Maternal obesity may fundamentally change offspring risk for metabolic disease in later life, though the molecular mechanisms in human infants are poorly understood. We tested the novel hypothesis that mesenchymal stem cells (MSCs) derived from umbilical cord tissue of babies born to obese mothers would exhibit increased adipogenesis and decreased myogenesis in culture, and would show evidence for insulin resistance when differentiated to myocytes. MSCs were cultured from term (39.9 ± 0.2 wk) infants born to obese mothers (Ob MSC, n=12; pre-pregnancy (pp)BMI = 35.1 ± 1.3 kg/m2) or to normal weight mothers (NW MSC, n=12; ppBMI = 21.2 ± 0.3 kg/m2) participating in the Healthy Start Study. Prior to differentiation, Ob MSCs expressed 2-fold greater CD13, a cell surface marker linked with increased adipogenesis (P<0.05).
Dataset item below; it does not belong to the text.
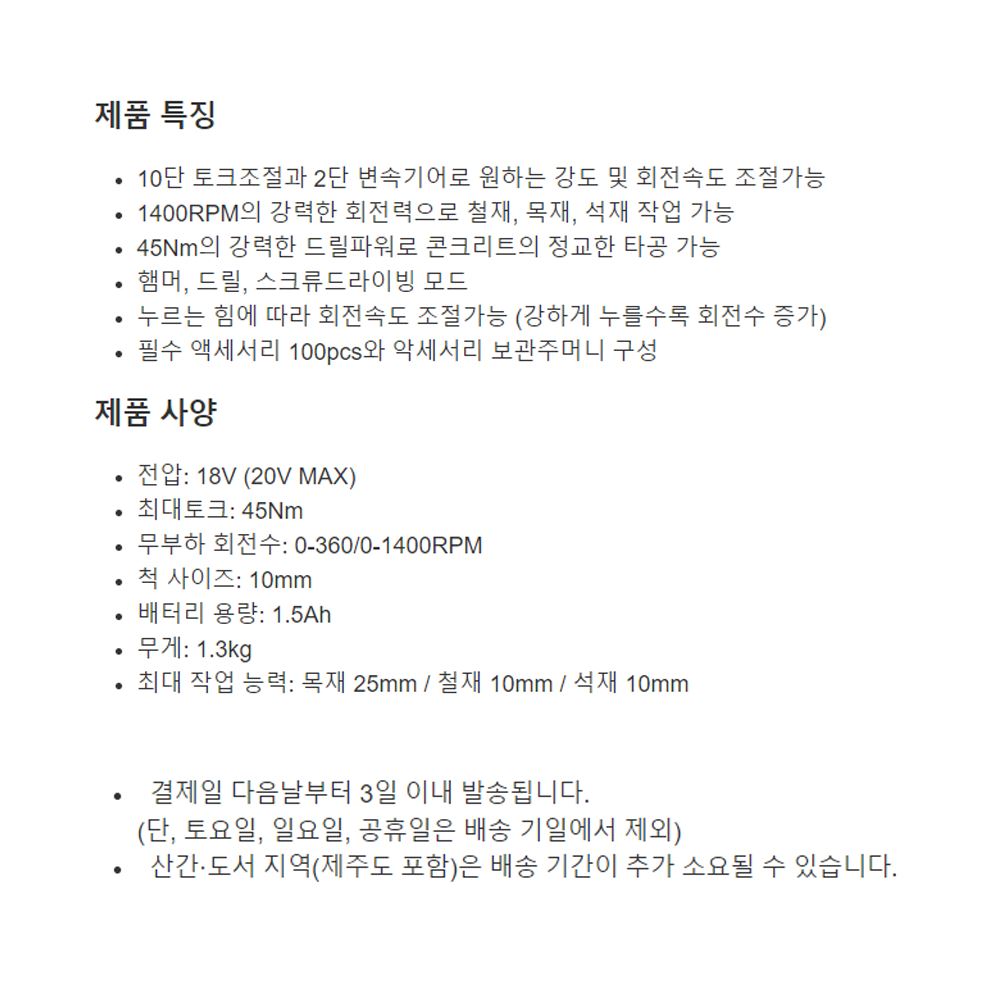 철재용 드릴비트 9개, 콘크리트용 드릴비티 4개, 비트 홀더 1개, 드라이버 비트 22개, 나사 30개,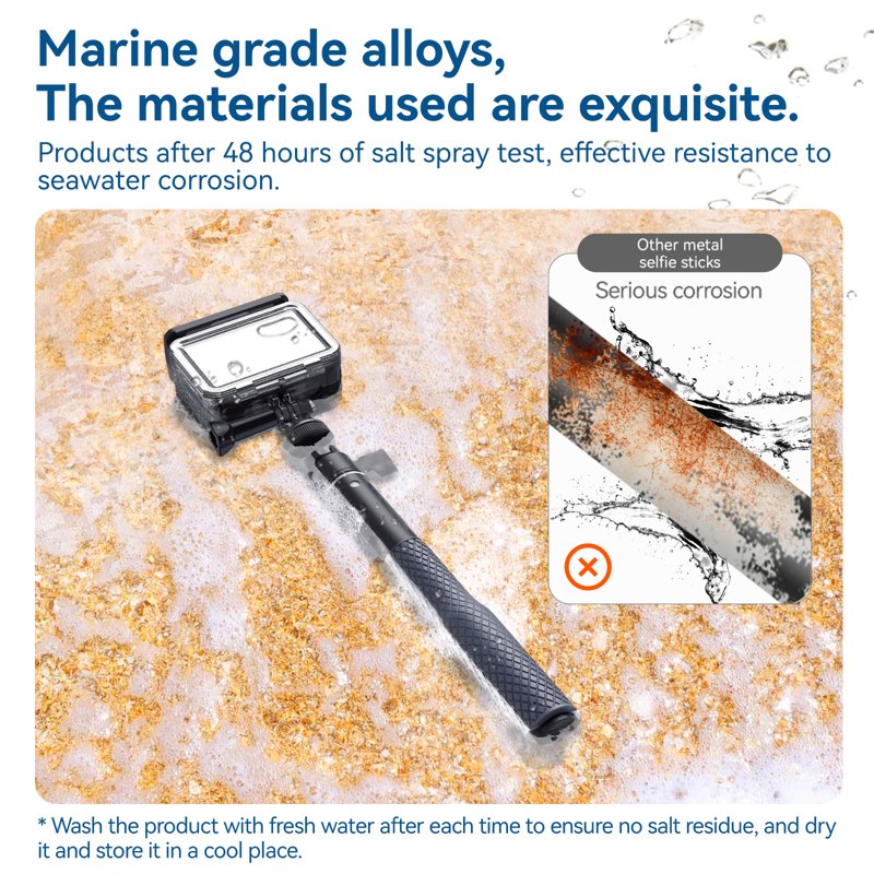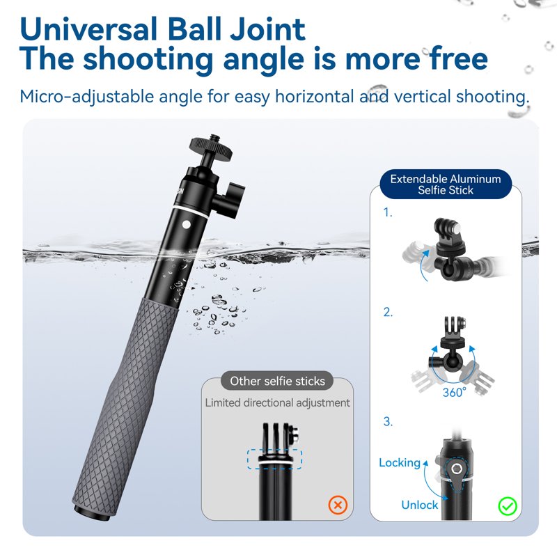 TELESIN WSS-001 är en mångsidig och hållbar selfie-stick med gimbal. Den är perfekt för både horisontella och vertikala bilder. Med sin vattentåliga design kan du använda den under vatten och nära vattenytor. Den är lätt att transportera och ger stabila bilder i alla miljöer.

MSCs were then differentiated to either adipocytes or myocytes for 21d and protein markers of adipogenesis (peroxisome proliferator-activated receptor [PPAR]γ) or myogenesis (myosin heavy chain [MHC]) were measured. Cells were stained with Oil Red O (ORO) to assess lipid accumulation. When differentiated to adipocytes, Ob MSCs expressed 50% more PPARγ protein content than NW MSCs (P<0.05). When the MSCs were differentiated to myocytes, there were no differences in MHC content, though ORO indicated a 50% higher lipid content in the Ob MSCs (P<0.05). In a subset of subjects (n=4-5/group) we observed lower mRNA content of the methylation/demethylation enzymes DNA methyltransferase 1 and lysine-specific demethylase 6A in Ob MSCs (-35%, P=0.06 and -40%, P<0.05; respectively). mRNA content of glucose transporter (GLUT)4 was 60% lower in Ob MSCs (P<0.05) and inversely correlated with ppBMI (r2=0.52, P<0.05). Our data suggest an inherent propensity for adipogenesis in Ob MSCs. Greater lipid content and reduced GLUT4 in myogenic Ob MSCs also suggest a programmed risk for insulin resistance that may be under epigenetic control.